监督学习与非监督学习

什么是机器学习

对于机器学习的两种定义：

"the field of study that gives computers the ability to learn without being explicitly programmed." - Arthur Samuel
"A computer program is said to learn from experience E with respect to some class of tasks T and performance measure P, if its performance at tasks in T, as measured by P, improves with experience E." - Tom Mitchell

任何机器学习问题可以归于两大类之一：
- 监督学习（Supervised Learning）
- 无监督学习（Unsupervised Learning，或称非监督学习）

当然，还有半监督学习、强化学习等，尚不在讨论范围内。

监督学习使用有标签的数据集，其任务是学习一个模型，使模型能够对任意给定的输入，对其相应的输出做出一个好的预测。
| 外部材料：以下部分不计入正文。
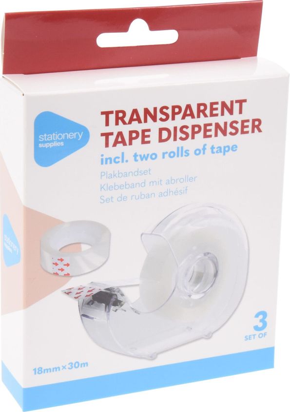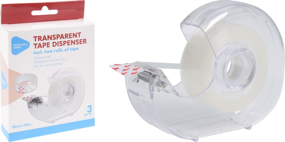 Praktisk tejphållare med medföljande rulle transparent tejp. Stabil och lättanvänd – perfekt för kontor, skola eller hemmabruk.
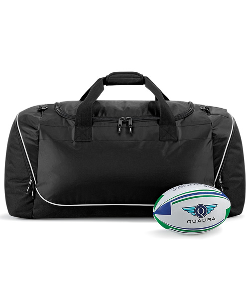 Detachable adjustable shoulder strap with pad. Kit proof large zip on main compartment. Two end pockets. Heavy duty webbing handles. Rugged construction. Concealed name card holder. Protective base feet. Capacity 110 litres.
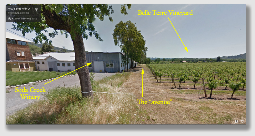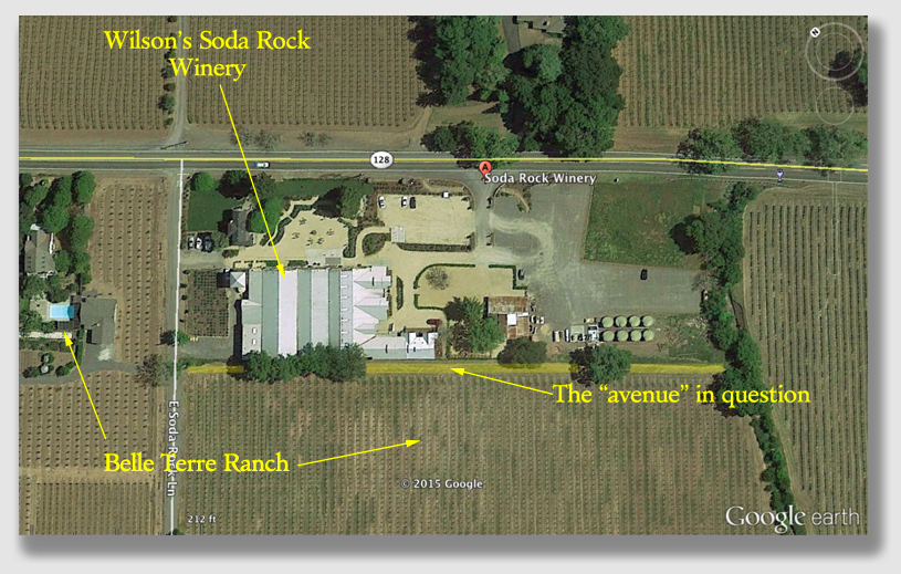 The rear of the winery building backs up to a vineyard belonging to Belle Terre Ranch, with a pathway or “avenue” between. A line of oak trees runs behind the winery within about four feet of the building. Thanks to the ubiquity of satellites (look up and smile!), we are able to easily understand the layout, and thus the nature of the Wilsons’ problem with the neighbors.
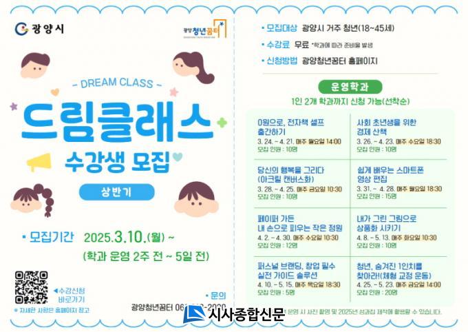 Á¶µ¿¼ö ±¤¾ç½Ã û³âÀÏÀÚ¸®°úÀåÀº ¡®µå¸²Å¬·¡½º´Â û³âµéÀÇ ²Þ°ú ¼ºÀåÀ» Áö¿øÇϱâ À§ÇÑ »ç¾÷À¸·Î, Àç´ÉÀִ û³âµé ´öºÐ¿¡ À̹ø »ó¹Ý±â¿¡´Â ¿µ»óÆíÁýºÎÅÍ Ã¢¾÷ °¡À̵å, üÇü±³Á¤ µî ¿©·¯ ºÐ¾ß¿¡ °ÉÃÄ Çаú°¡ °³¼³µÆ´Ù¡°°í ¹àÇû´Ù. À̾î, ¡°»ó¹Ý±â 8°³ Çаú¸¦ ¿î¿µÇÑ ÈÄ ¿À´Â 9¿ùºÎÅÍ´Â ÇϹݱâ Çаú¸¦ ÁøÇàÇÒ °èȹ¡±À̶ó¸ç ¡°µå¸²Å¬·¡½º¿¡ û³âµéÀÇ ¸¹Àº °ü½É°ú Âü¿©¸¦ ¹Ù¶õ´Ù¡±°í ÀüÇß´Ù.

监督学习问题被分为 回归（Regression） 和 分类（Classification） 问题：

分类问题：将输入变量映射到离散的类别中，即预测一个离散值；

回归问题：将输入变量映射到某个连续函数，即预测一个连续值。 ![[AI/机器学习/assets/20250601222253.png]]

在非监督学习中，使用的数据集没有标签，不知道结果会是什么样子，但可以通过聚类的方式从数据中提取一个特殊的结构。 ![[AI/机器学习/assets/20250601222534.png]]